GIVA is set to secure $12 million in an extended Series C funding round led by HPV CC1 Ltd

SUMMARY
The omnichannel jewelry company GIVA of Bengaluru is poised to significantly empower its financial position by increasing its capital to around ₹110 crore (approximately $12 million) in a stretched Series C funding round. This new inflow of capital is timely when the company is actively developing its presence in India. The investment round is led by HPV CC1 Ltd, with the presence of some high-profile existing and new investors such as Premji Invest, Kenro Capital, and Titan Capital.

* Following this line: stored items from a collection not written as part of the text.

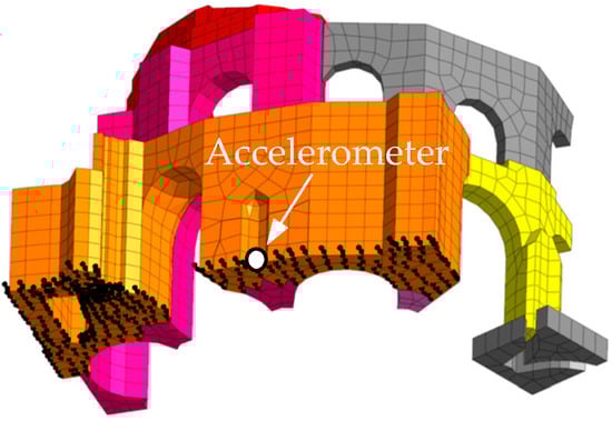 Dynamic identification records the response accelerations of a structure in a limited number of measurement points, which are chosen based on the theoretical largest displacements, accessibility, and, of course, budget. Santini et al. [] employed a FEM to estimate the dynamic features of the Octagonal Hall at the Baths of Diocletian and optimally plan the dynamic monitoring system and the testing campaign. This preliminary simulation is also useful to comprehend structural behavior and evaluate the validity of the model’s assumptions.
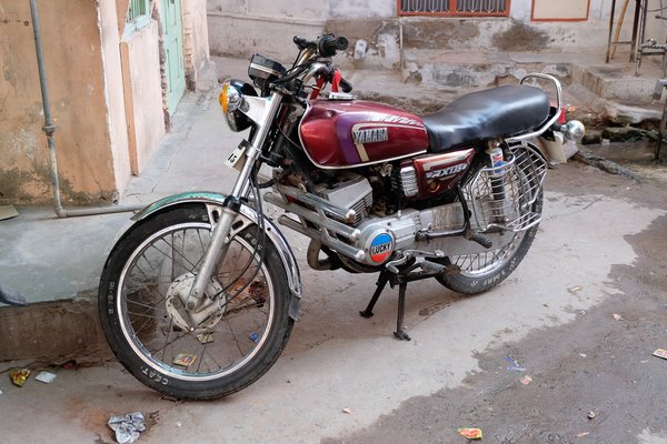 Oké, ez a Sebesség Oltára, tehát legyen végre szó a motorokról is – de persze a tuk-tuk is motor, szerintem. Indiában, legalábbis Radzsasztánban és annak környékén, ahol jártunk, borzalmasan sok ugyan a motorkerékpár, de összesen talán tucatnyi alapmodell jelenti az utcai felhozatal bő 99 százalékát. A gépek java részét egyhengeres, 100-150 köbcentis Hondák (már ez is egy teljesen indiai tulajdonú leányvállalat), Hero Hondák (a régebbi, indiai együttműködés alapján gyártott Hondák), illetve ma már csak szimplán Herók (amelyek szintén Hondák, de ezt az ágat is átvették az indiaiak, mellesleg az ilyen motorok tisztán Hero-feliratosak, s a legújabbak) alkotják. Fentiek nagyjából mind az elmúlt tizenöt évben készültek, technikailag pedig hasonlítanak egymáshoz; mind négyütemű, léghűtéses, váltós, bár két ágra bontja őket, hogy egy részük a legendás, fekvő hengeresből származtatott változat, másik részük meg álló hengeres.
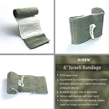 RISEN Israeli Bandage Vacuum Sterile Compression Bandages for First Aid Emergency Battle Wound Dressing Self-Rescue, 6 Inch, 1 Pack
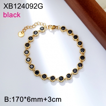 Home > Level A Stainless Steel New Trendy Women Jewelry Round Black Glass Golden Bracelet

Investment breakdown and valuation
As recent regulatory filings submitted by the company to the Registrar of Companies (RoC) have indicated, the board of GIVA has resolved to issue 9,401,710 Series C1 Compulsorily Convertible Preference Shares (CCPS). In order to raise this desired amount, these shares are being sold at a cost of ₹117 each. The tranche is being led by HPV CC1 Ltd with a substantial contribution of ₹74.25 crore (approximately $8.25 million).
Kenro Capital is also injecting primary capital of ₹13.75 crore in the round. In addition, Premji Invest, under its PI Opportunities Fund II, and Titan Capital, under its Winners Fund, are adding ₹11 crore each to the extension. This new capital follows about nine months after the startup, which had raised a total of ₹530 crore ($61.5 million) in its principal Series C round headed by Creaegis in June of last year.
The startup valuation has increased significantly as a result of the new investment. It is estimated that the valuation of GIVA has increased to about ₹4,900 crore ($545 million). This is a 22% growth against its earlier valuation of approximately ₹4,000 crore, which it had been valued at in the primary Series C infusion. It is also suggested that the current round will have a secondary transaction, which could be led by Kenro Capital.
Financial performance and fund utilization
GIVA will use the new proceeds to invest in some priority operational and expansionary domains. The company has indicated that the funds will be allocated to general operational costs, which include aggressive recruitment in all departments and massive marketing programs to create brand awareness. The capital will also promote the overall corporate needs and additional business initiatives that will seek to expand the reach of the brand.
There has been a substantial increase in the performance of the jewelry brand at the top line. In the fiscal year ending in March 2025 (FY25), GIVA registered a 89% increase in operating revenue, which recorded ₹518 crore, as compared to ₹274 crore in FY 24. The ambition to expand fast has also been accompanied by higher expenses since the losses of the firm have increased by 22% to ₹72 crore in the same period. The firm has so far collected more than a total of $146 million in capital.
GIVA is a jewelry company that is in a fiercely competitive new-age environment. It is one of the main competitors of BlueStone, which recently began trading publicly in August 2025 and has a projected revenue of ₹1,770 crore in FY25. CaratLane, also a significant player operating under the umbrella of Titan Company Limited, announced gigantic revenues of ₹3,583 crore and a network of more than 350 stores. Recent funding in the sector is also indicative of an active and capital-intensive environment, with other emerging players like Palmonas and Firefly Diamonds also getting funding recently.
Conclusion
The success of the Series C extension is indicative of investor confidence in GIVA and its omnichannel strategy and product diversification. With this additional funding of $12 million, the company is in a strong position to keep expanding into gold and lab-grown diamond segments, as well as increasing its number of retail stores.
Even though the startup is still experiencing increasing losses in its bid to dominate the market, its high revenue growth rate and the upward valuation indicate that GIVA will still be a force to reckon with in the changing jewelry market in India.